◆ DATASET EXTRACT ◆
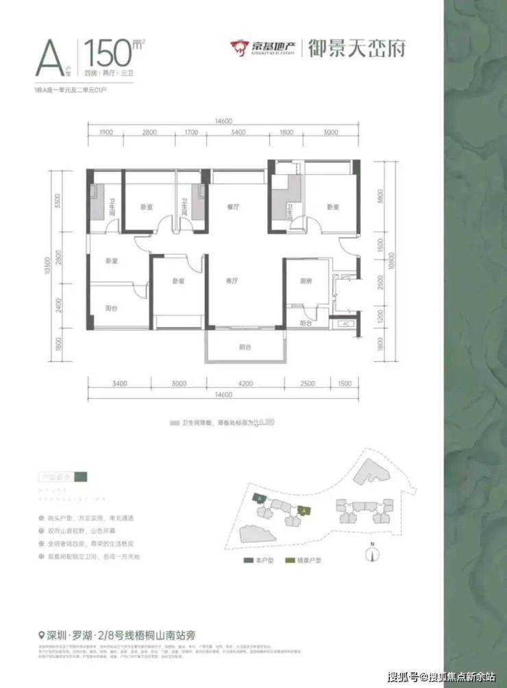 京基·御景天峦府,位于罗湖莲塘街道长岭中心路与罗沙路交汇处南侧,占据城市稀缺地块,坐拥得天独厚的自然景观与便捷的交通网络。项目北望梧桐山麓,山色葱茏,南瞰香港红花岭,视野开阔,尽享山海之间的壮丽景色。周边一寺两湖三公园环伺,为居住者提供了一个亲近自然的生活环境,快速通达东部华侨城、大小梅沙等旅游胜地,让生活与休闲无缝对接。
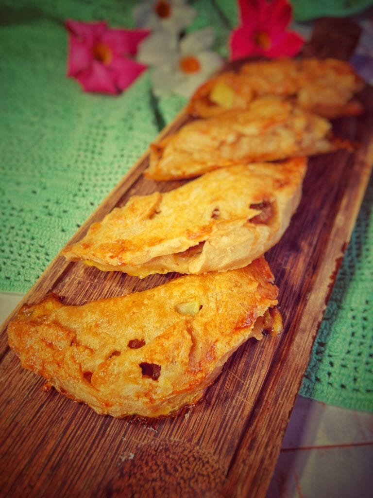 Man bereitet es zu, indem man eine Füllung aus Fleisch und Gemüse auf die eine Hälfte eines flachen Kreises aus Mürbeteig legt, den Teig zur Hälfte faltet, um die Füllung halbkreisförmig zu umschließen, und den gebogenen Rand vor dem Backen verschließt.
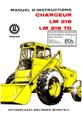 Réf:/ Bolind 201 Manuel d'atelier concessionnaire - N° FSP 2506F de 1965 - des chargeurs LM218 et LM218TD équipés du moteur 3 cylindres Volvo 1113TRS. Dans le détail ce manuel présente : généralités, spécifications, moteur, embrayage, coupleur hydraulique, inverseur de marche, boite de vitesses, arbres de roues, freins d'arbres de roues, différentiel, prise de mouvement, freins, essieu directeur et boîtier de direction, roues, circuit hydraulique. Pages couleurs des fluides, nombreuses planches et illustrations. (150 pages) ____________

◆ EXERCISE DESCRIPTION ◆
Return only the lines from the start of the data through the line that contains "Man bereitet es", please, copying them exactly and omitting all pictures.

◆ RESPONSE ◆
 京基·御景天峦府,位于罗湖莲塘街道长岭中心路与罗沙路交汇处南侧,占据城市稀缺地块,坐拥得天独厚的自然景观与便捷的交通网络。项目北望梧桐山麓,山色葱茏,南瞰香港红花岭,视野开阔,尽享山海之间的壮丽景色。周边一寺两湖三公园环伺,为居住者提供了一个亲近自然的生活环境,快速通达东部华侨城、大小梅沙等旅游胜地,让生活与休闲无缝对接。
 Man bereitet es zu, indem man eine Füllung aus Fleisch und Gemüse auf die eine Hälfte eines flachen Kreises aus Mürbeteig legt, den Teig zur Hälfte faltet, um die Füllung halbkreisförmig zu umschließen, und den gebogenen Rand vor dem Backen verschließt.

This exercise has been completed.